A ‘sea change’ on mental health from the LSUC

The Law Society of Upper Canada’s governing body will vote on approving a new mental health strategy at its monthly meeting tomorrow.

If the strategy is approved, the law society will develop “a comprehensive and proactive” communication strategy for mental health and addiction awareness. The plan is to “focus on early, repeated and pervasive communication, education and attitudinal change,” says the LSUC's mental health task force report.

The proposed strategy also recommends looking into adopting diversion discipline programs for lawyers and paralegals with mental health issues. In Nova Scotia, for example, the barristers’ society’s Fitness to Practise program creates a separate hearing panel for licensees who suffer from mental health issues.

If the mental health strategy is implemented, the law society will also consider conducting capacity hearings, which determine whether a lawyer is mentally fit to practise law, in the absence of the public.

“The regulator is not an expert in mental health and cannot treat or remedy the illnesses or addictions of its licensees. It should, instead, have in place tools that will allow for diversion in the appropriate circumstances, with appropriate confidentiality protocols,” says the report.

In an e-mail to Legal Feeds, Doron Gold, staff clinician at Homewood Health, said he supports diversion programs and more discretion for capacity hearings.

“The irony we often face is that the people who most need help for issues that are not based in bad character or ill intention are the least open to admitting these conditions due to stigma and the fear that the regulator will brand them as unfit and beyond help,” said Gold.

“The more informed and discreet the regulator becomes around these issues, the better, and ultimately, more effective the process will be. We don’t want people who, if given access to appropriate assistance could practise well, avoid that assistance, and simply be labeled unfit or not entitled to practise,” he added.

Former Ontario Bar Association president Orlando Da Silva, who used his leadership at the OBA to bring attention to mental illness in the legal profession, says the proposed strategy is sign that the regulator has listened to advocates like him.

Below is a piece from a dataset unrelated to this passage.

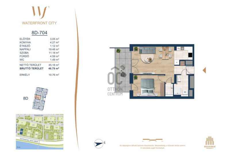 Projekt bemutatásaA projektrőlA Waterfront City egy új, modern városnegyed a 3. kerületben, ahol a természet közelsége és a városi kényelem tökéletes egyensúlyban van. A Duna-part közvetlen szomszédságában elhelyezkedő fejlesztés különleges atmoszférát kínál: a sétányt új épületek határolják, üzletekkel, kávézókkal és szolgáltatásokkal, amelyek élhető közösségi teret teremtenek.A 13 emeletes lakóépületből lenyűgöző örökpanoráma nyílik a budai hegyekre és a folyóra, a tágas teraszok pedig ideálisak a pihenéshez vagy a baráti összejövetelekhez. A zöldtetők, parkosított terek és fenntartható megoldások – mint az energiatakarékos rendszerek és okos otthon funkciók – mind hozzájárulnak a modern, környezettudatos életstílushoz.Látogass el értékesítési irodánkba, és tekintsd meg a városnegyed makettjét személyesen! Ismerd meg, milyen lesz az élet Budapest egyik legizgalmasabb új fejlesztésében!Óbuda szívébenKépzeld el, ahogy egy napsütéses délelőttön Óbuda szívében sétálsz, a Duna közelsége frissítően hat rád, miközben a Folyamőr utca, a Miklós tér és a Bogdáni út által határolt, öt hektáros területre érsz. A levegőben ott van a város történelme, mégis minden részletében a jövő hívogat.A 50 000 négyzetméteres területen egy hangulatos sétány vezet végig, amely egyenesen az óbudai Fő térre visz – mindössze 600 méterre. Ez a sétány nem csupán összeköt, hanem élményt nyújt: a Kolosy térről induló Óbudai Promenád részeként a város egyik legélhetőbb, legpezsgőbb szakaszán haladsz végig. És ha biciklivel érkeznél? A nemzetközi kerékpárút is itt halad el, Szentendre felé vezetve.Az 5. ütemben épülő 149 lakás mindegyike egyedi hangulatot kínál. Ahogy belépsz egy-egy otthonba, a hatalmas üvegfelületeken át beáradó fény és a tágas, szellős terek azonnal magukkal ragadnak. A kilátás? A Kaszap István park zöldje nyújt békét, míg a felsőbb emeletekről a Budai-hegység örökpanorámája tárul eléd – minden nap egy új festmény az ablakodban.A 6. ütemben 316 modern lakás épül, tágas teraszokkal és lenyűgöző kilátással a Dunára és a budai hegyekre. A lakók kényelmét őrszolgálat, kamerarendszer, mélygarázs, vendéglátóhelyek, belső park, játszótér és E-autó töltők szolgálják. Ez a projekt utolsó üteme, amely még közvetlen Duna-parti kapcsolattal rendelkezik.

If the plan is implemented, “I think the law society will have succeeded in moving mountains,” says Da Silva.

“It will be a sea change in the way lawyers address their own mental health issues and it will be a sigh of relief for those who want to talk but are afraid to because of the stigma.”

Da Silva has spoken openly about his own struggles with mental illness, but “I had never expected to see a mental health strategy like this in my lifetime as a lawyer,” he says. “This doesn’t look like lip service to me; this looks like leadership.”

The proposed mental health strategy comes amid growing evidence that lawyers and other legal professionals may be at a higher risk of developing mental illness and addictions.

“The culture of and stressors on the legal professions raise barriers to openly addressing these issues for those who may be affected by them and those with whom they work and interact,” the law society report’s executive summary reads.

“The stigma surrounding mental illness and addictions, the too common confusion of diagnosis with impairment and the concerns that careers will be permanently and negatively affected by disclosure have a particular impact on lawyers’ and paralegals’ willingness to reveal such illness or addictions.”

If Convocations approves the strategy, the law society will provide “specialized training” for staff who interact with licensees on mental illness and addictions. Gold calls it a “fantastic idea” that’s long overdue.

“Note, for instance, the emphasis in the report on not assuming that unresponsiveness by a member under investigation amounts to ungovernability,” said Gold, who brought up this issue when he was consulted by the law society’s mental health task force.

“Often, unresponsiveness by members is simply overwhelming anxiety leading to avoidance of even opening law society correspondence. It is not ill intent but a kind of psychological paralysis.”

Also part of the strategy is looking into whether the law society should create a mental health model policy to educate law firms and other employers on the tools to promoting mental health and identifying “possible systemic causes within the legal professions’ culture and employment practices that engender or exacerbate these issues.”

Update April 28: The LSUC approved the new mental health strategy at its meeting of Convcation.